Majapahit di masa jayanya
mempunyai seorang mahapatih yang bersumpah akan mempersatukan Nusantara
di bawah panji-panji kerajaan terbesar yang pernah ada di Indonesia itu.
Ia adalah Mahapatih Gadjah Mada, seorang gagah perkasa yang berhasil
menaklukkan Nusantara dan menyatukannya dalam kekuasaan Majapahit. Konon
di akhir hidupnya, sang mahapatih menghabiskan waktunya dengan bertapa
hingga muksa di suatu gua di air terjun di kaki Gunung Tengger.

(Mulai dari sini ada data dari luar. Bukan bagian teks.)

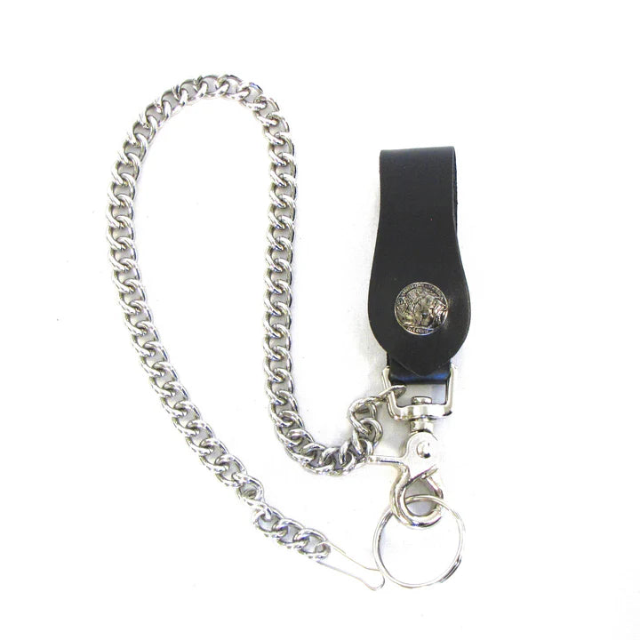 This Vintage style Steel Chain is Simple but Sturdy and will keep your wallet where it needs to be. The Leather loop, decorated with a skull concho, attaches to your jeans and the split ring attaches to your wallet. Chrome plated. Ride down and get yours in our shop just outside Nashville in Smyrna, TN.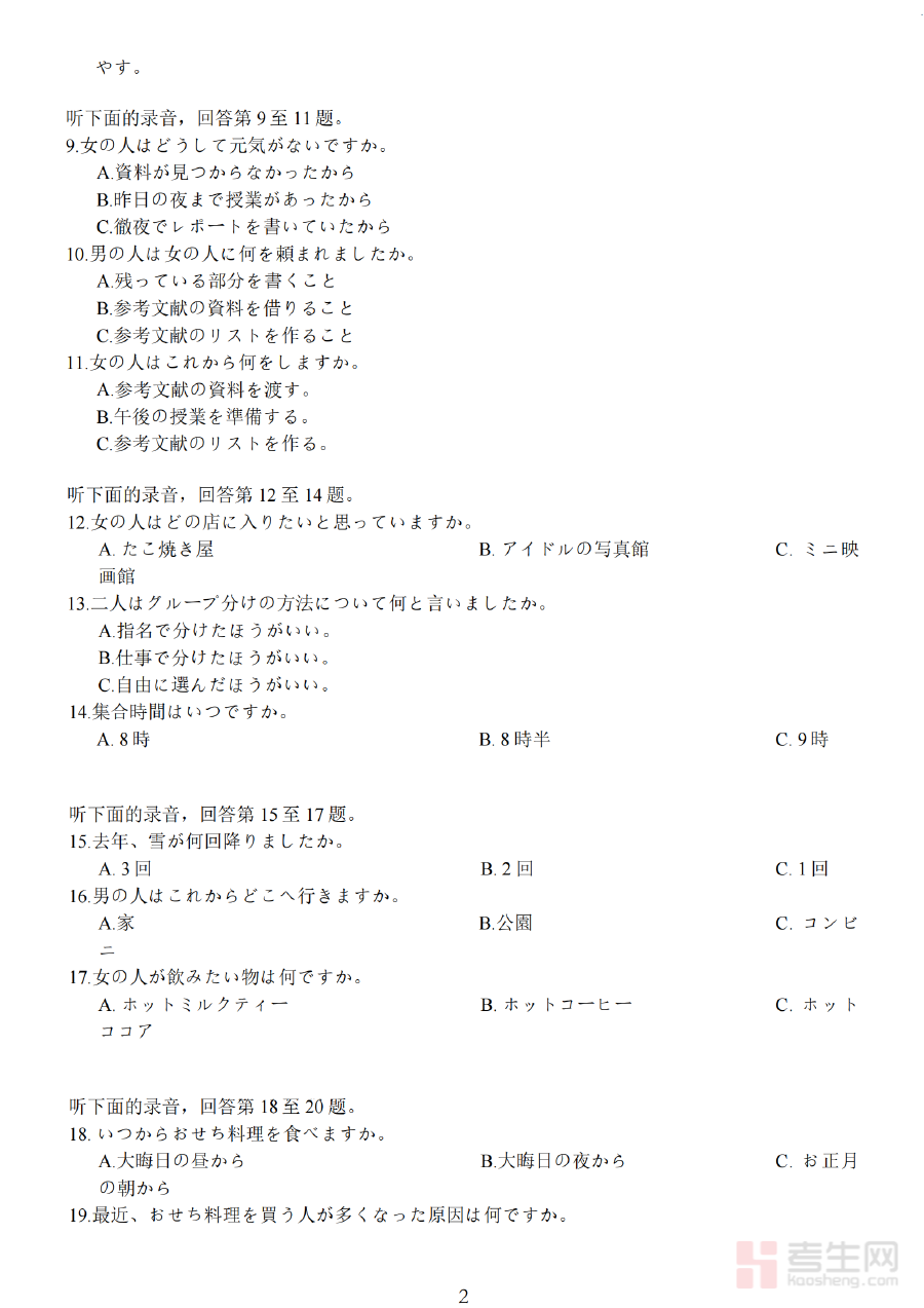 该资料的适用人群主要为2026届苏北四市高三日语考生,同时也适用于其他地区希望借鉴苏北区域模拟考试标准进行备考的日语学习者。通过完成试卷并结合参考答案进行分析总结,考生能够有效检测阶段学习成果,及时弥补知识漏洞;对于教师而言,这份资料可支持教学评估与个性化指导,进一步提升教学质量与学生备考的针对性,助力考生在高考前做好充分准备。

Objek wisata Air Terjun Madakaripura
berada di kawasan Taman Nasional Bromo Tengger Semeru (TNBTS). Jaraknya
hanya sekitar 45 menit dari Desa Cemoro Lawang di Gunung Bromo. Ia
terletak di Desa Sapih, Kecamatan Lombang, Kabupaten Probolingo di salah
satu jalur utama menuju kawasan TNBTS. Kendaraan pribadi jadi pilihan
paling tepat untuk mencapai lokasi air terjun karena letaknya yang jauh
dari jalan utama.
Perjalanan dari jalan raya menuju air
terjun cukup melelahkan karena kondisi jalan yang cukup buruk. Kita akan
sampai di pos pemeriksaan setelah mengarungi jalanan berbatu dengan
jurang di sisi kanan dan tebing tinggi di sisi kiri selama hampir 15
hingga 20 menit. Di pos ini terdapat fasilitas yang cukup lengkap mulai
dari parkir mobil dan motor, kamar mandi dan toilet, hingga
warung-warung penjual makanan. Sangat disayangkan kondisinya terlihat
kurang terurus dan cukup memprihatinkan.
Dari lokasi parkir, pengunjung masih
harus melanjutkan perjalanan dengan kaki melewati sungai untuk mencapai
air terjun. Sebenarnya pengelola sudah menyediakan jalan yang cukup
bagus, namun di beberapa tempat jalanan sudah rusak karena tertimbun
longsor ataupun mengalami longsor. Keadaan ini memaksa para pengunjung
untuk menggunakan jalur alternatif yang melewati sungai dengan bebatuan
yang cukup licin.
Di tengah perjalanan kita dapat
menyaksikan pipa-pipa yang menyalurkan air ke lokasi parkir dan mungkin
juga rumah-rumah penduduk di sekitar lokasi Madakaripura. saya juga
sempat terkecoh demi melihat air terjun mini dalam perjalanan menuju
lokasi. Ternyata penderitaan belum berakhir, kaki masih harus melangkah
cukup jauh untuk sampai di lokasi air terjun utama.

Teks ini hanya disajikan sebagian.